This Dockerfile should work for a variety of platforms. For those with a Redistributable client, it uses `curl` to

automatically download and unpack the required MQ files. For other platforms, it assumes that you have an `MQINST`

subdirectory under this root, and then copied the `.deb` files (or the `.tar.gz` file for Linux/arm64 systems) from your

real MQ installation tree into it.



### Additional container scripts



As a more flexible example, you can use the `buildMonitors.sh` script in the `scripts` subdirectory to build a Docker

container that in turn will build all the binary programs and copy them to a local directory. That script also sets some

extra version-related flags that will be shown when the program starts. The container will automatically download and

install the MQ client runtime files needed for compilation. This might be a preferred approach when you want to run a

collector program alongside a queue manager (perhaps as an MQ SERVICE) and you need to copy the binaries to the target

system.



## Building to run on Windows

There is a `buildMonitors.bat` file to help with building on Windows. It assumes 

* You have the

[msys2](https://www.msys2.org/) 64-bit GCC compiler suite installed into the `C:\msys64` directory. The specific

compiler version from this package can be installed with `pacman -S mingw-w64-ucrt-x86_64-gcc`. That should end up with

the `gcc` command being available.

* You have set the GOPATH environment variable to the root of your source trees. For example, `C:\Gowork`.

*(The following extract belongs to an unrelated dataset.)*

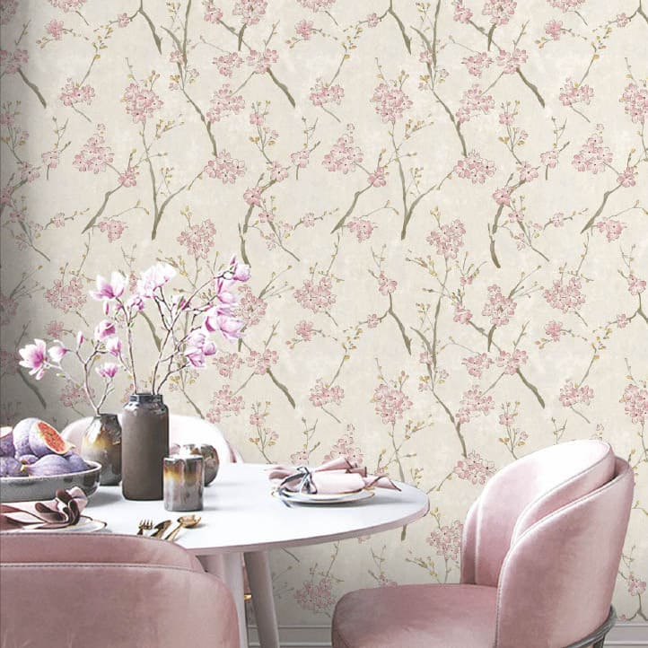 Transform your walls with the Elegant Pink Floral Branch Wallpaper, designed to add charm and freshness to your interiors. Featuring delicate pink blossoms on graceful branches against a soft cream background, this wallpaper creates a warm and inviting atmosphere—ideal for bedrooms, living rooms, dining areas, or offices.

The script builds all the collectors and corresponding YAML configuration files into %GOPATH%/bin. An alternative

compiler could be [tdm-gcc-64](https://jmeubank.github.io/tdm-gcc/download/)



## Queue manager configuration

When metrics are being collected from the publish/subscribe interface (all platforms except z/OS), there are some

considerations:

* MAXHANDS on queue manager: The default configuration of these collectors uses non-durable subscriptions to get

  information about queue metrics. Each subscription uses an object handle. If many queues are being monitored the

  default MAXHANDS may need to be increased. A warning is printed if the monitor thinks this attribute appears too low.

  See below for an alternative option.

* MAXDEPTH on model queues: The model queue used as the basis for publication and reply queues in the monitor must have

  a MAXDEPTH suitable for the expected amount of data. For published metrics, this is estimated based on holding one

  minute's amount of publications; the number of monitored channels is also used as an estimate, although that does not

  need to be time-based as the data is requested directly by the monitor.

* USEDLQ on the admin topic: The USEDLQ attribute on the topic object associated with the metrics publications (usually

  `SYSTEM.ADMIN.TOPIC`) determines what happens if the subscriber's queue is full. You might prefer to set this to NO to

  avoid filling the system DLQ if the collection program does not read the publications frequently enough.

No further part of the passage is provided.